:: Supplied material

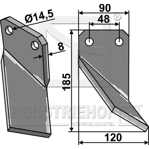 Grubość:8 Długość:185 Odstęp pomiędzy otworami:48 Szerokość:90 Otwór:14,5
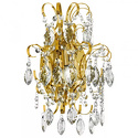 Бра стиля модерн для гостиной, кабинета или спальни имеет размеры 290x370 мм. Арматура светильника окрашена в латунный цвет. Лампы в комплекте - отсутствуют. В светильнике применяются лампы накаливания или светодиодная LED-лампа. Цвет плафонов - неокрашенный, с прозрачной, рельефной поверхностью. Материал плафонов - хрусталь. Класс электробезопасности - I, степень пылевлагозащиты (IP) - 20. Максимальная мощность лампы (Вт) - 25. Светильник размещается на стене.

::::
:: Supplied material

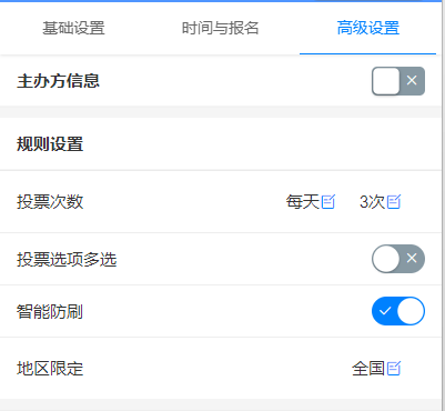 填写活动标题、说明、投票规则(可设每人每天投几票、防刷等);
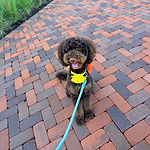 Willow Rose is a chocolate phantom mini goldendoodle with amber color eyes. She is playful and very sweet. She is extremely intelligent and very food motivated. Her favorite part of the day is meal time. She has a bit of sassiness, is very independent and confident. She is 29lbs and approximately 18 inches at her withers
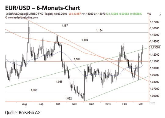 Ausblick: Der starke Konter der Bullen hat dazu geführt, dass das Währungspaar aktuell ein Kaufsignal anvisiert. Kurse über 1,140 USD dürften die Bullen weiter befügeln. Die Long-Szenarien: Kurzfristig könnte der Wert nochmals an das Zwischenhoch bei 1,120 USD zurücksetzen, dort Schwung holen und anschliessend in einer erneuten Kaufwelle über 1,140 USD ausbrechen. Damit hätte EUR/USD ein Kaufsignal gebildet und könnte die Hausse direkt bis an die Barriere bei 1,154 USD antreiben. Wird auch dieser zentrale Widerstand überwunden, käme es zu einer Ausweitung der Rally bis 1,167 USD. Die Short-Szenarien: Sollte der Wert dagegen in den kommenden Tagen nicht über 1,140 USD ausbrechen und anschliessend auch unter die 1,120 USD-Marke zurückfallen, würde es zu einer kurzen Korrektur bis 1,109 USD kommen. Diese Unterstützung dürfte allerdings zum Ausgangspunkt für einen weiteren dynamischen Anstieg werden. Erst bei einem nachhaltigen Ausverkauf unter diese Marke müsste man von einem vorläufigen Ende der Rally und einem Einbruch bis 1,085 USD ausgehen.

::::

Work request: Please copy out from the data above, without any picture, exactly the lines running from the one that holds "Grubość:8 Długość:185 Odstęp" through the one that holds "Бра стиля модерн", and nothing beyond them.

Completed exercise:
 Grubość:8 Długość:185 Odstęp pomiędzy otworami:48 Szerokość:90 Otwór:14,5
 Бра стиля модерн для гостиной, кабинета или спальни имеет размеры 290x370 мм. Арматура светильника окрашена в латунный цвет. Лампы в комплекте - отсутствуют. В светильнике применяются лампы накаливания или светодиодная LED-лампа. Цвет плафонов - неокрашенный, с прозрачной, рельефной поверхностью. Материал плафонов - хрусталь. Класс электробезопасности - I, степень пылевлагозащиты (IP) - 20. Максимальная мощность лампы (Вт) - 25. Светильник размещается на стене.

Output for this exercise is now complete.